A Novel Approach: Targeting the Source

Instead of replacing the deficient enzyme, ABX1100 employs a fundamentally different strategy: it reduces the production of glycogen at its source. The therapy is a sophisticated combination of two technologies: a short-interfering RNA (siRNA) and Aro’s proprietary Centyrin delivery platform.

The siRNA component is designed to specifically target and silence the GYS1 gene. This gene is responsible for producing glycogen synthase 1, the key enzyme that synthesizes glycogen in muscle tissue. By interfering with GYS1 messenger RNA (mRNA), ABX1100 effectively turns down the “faucet” of glycogen production, aiming to prevent its toxic accumulation before it can cause damage.

A major historical challenge for siRNA therapies has been delivering them to specific tissues beyond the liver. Aro’s Centyrin technology addresses this by acting as a molecular “GPS.” The Centyrin in ABX1100 is engineered to bind to the CD71 receptor, which is abundant on muscle cells. This ensures the siRNA payload is delivered precisely where it is needed most, leading to a targeted reduction of GYS1 in the affected muscle tissue.

Promising Early Signs from Clinical Trials

The interim Phase 1b data involved nine LOPD patients, all of whom were already receiving ERT. Patients received two infusions of ABX1100 over a 20-minute period, 28 days apart. The results provided a strong proof-of-principle for this novel approach.

Critically, the therapy was generally well-tolerated, with no serious adverse events, dose interruptions, or patient withdrawals reported. Safety is a paramount concern for any new therapy, and this early profile is a positive indicator.

Pharmacodynamic data from muscle biopsies showed that ABX1100 achieved a robust and sustained knockdown of GYS1 mRNA in the quadriceps muscle. This effect persisted for weeks after dosing, suggesting that the therapy could potentially be administered on a quarterly basis or even less frequently—a dramatic improvement over the current bi-weekly ERT schedule.

“The sustained knockdown of GYS1 mRNA in muscle, as demonstrated in this phase 1b trial in patients, and in the earlier phase 1 trial in healthy volunteers, provides proof of principle that GYS1 inhibition may be a viable therapeutic approach in patients with late-onset Pompe disease, and a source for hope for the Pompe community,” said Purnanand Sarma, Ph.D., chief executive officer of Aro Biotherapeutics.

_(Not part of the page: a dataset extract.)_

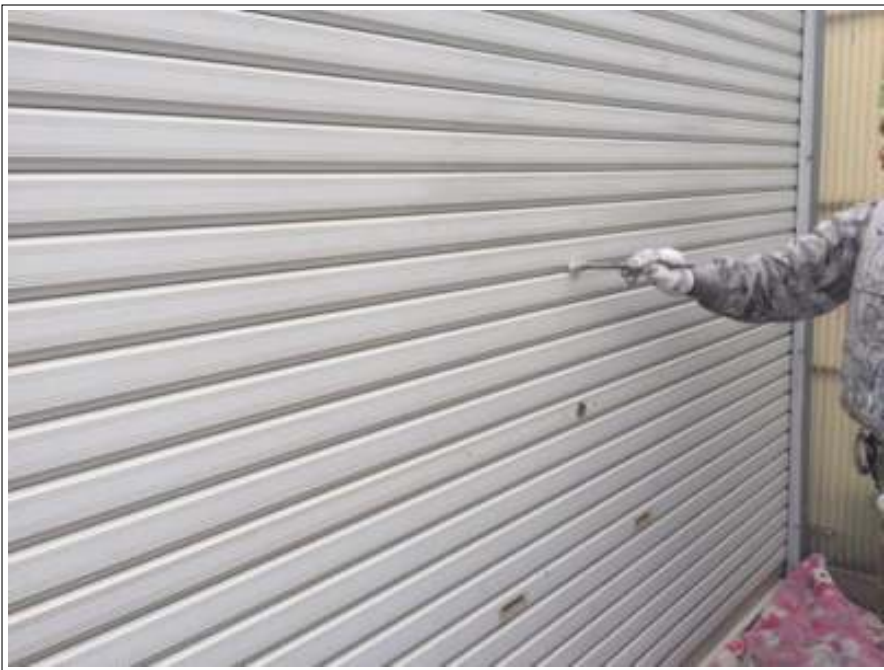
シャッター 上塗り施工中
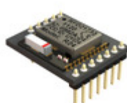
RFD21813 RF Digital Corporation RF TXRX MODULE ISM>1GHZ CHIP ANT

Further analysis of exploratory biomarkers in the first four patients supported the drug's biological activity. Reductions were seen in creatine kinase (CK), a marker of muscle damage, and in Hex4, a biomarker specific to Pompe disease. These molecular signals suggest that by reducing glycogen synthesis, ABX1100 may be mitigating the underlying pathology of the disease.

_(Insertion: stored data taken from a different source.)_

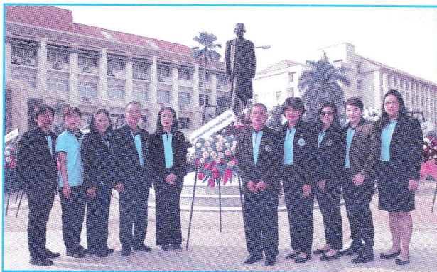
บุคลากรสหกรณ์ออมทรัพย์สาธารณสุขเชียงใหม่ จำกัด ร่วมงานวันสหกรณ์แห่งชาติที่มหาวิทยาลัยแม่โจ้ เมื่อวันที่ 26 กุมภาพันธ์ 2561
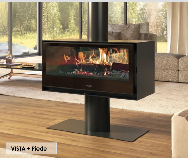
VISTA + Piede
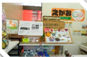
福祉ショップえがおの運営
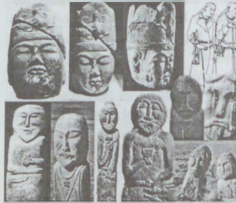
Hunlara məxsus abidələr

157-ci ildə çinli sərkərdə tanqut tayfalarının köməyi

Validating a Platform and Charting a Path Forward

The positive results for ABX1100 do more than just advance a single drug candidate; they provide crucial clinical validation for Aro’s entire Centyrin-siRNA platform. This success bolsters the company's strategy of developing targeted genetic medicines for a range of rare and immune-mediated diseases. The Philadelphia-based biotech, backed by significant venture capital including a recent $41.5 million Series B financing, has other programs in its pipeline targeting autoimmune and inflammatory conditions.

The study is the first to demonstrate the effect of a substrate reduction therapy in patients with LOPD. As Dr. Goker-Alpan stated, “The favorable safety profile, predictable pharmacokinetics, GYS1 mRNA knockdown, and biomarker reductions support further development of ABX1100 as an addition or alternative to ERT in patients with late-onset Pompe disease.”

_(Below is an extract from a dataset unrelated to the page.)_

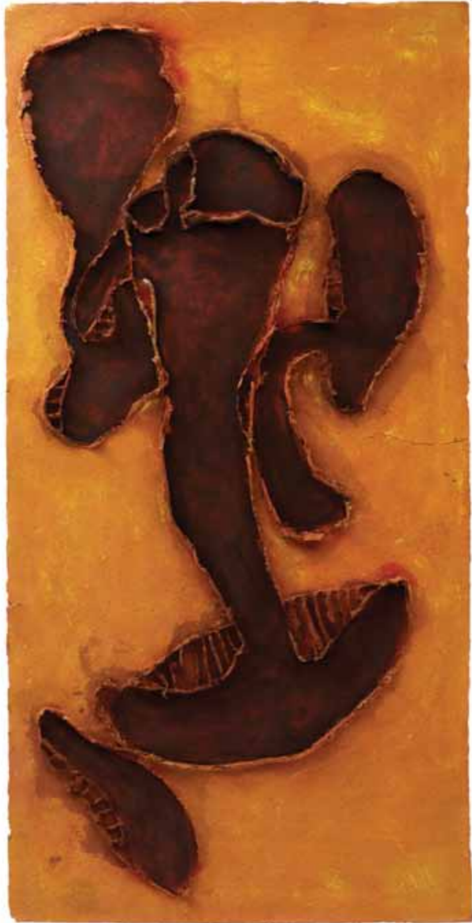
Koufonissi, 2003-06 (200 x 100 x 4 cm)

Aro Biotherapeutics will continue to analyze data from the ongoing trial, with muscle biopsies taken at later time points to better understand the durability of the GYS1 knockdown. The insights gathered will be instrumental in designing future, larger-scale clinical studies to fully measure the clinical potential of this promising new therapy for patients in need of new therapeutic approaches to Pompe disease.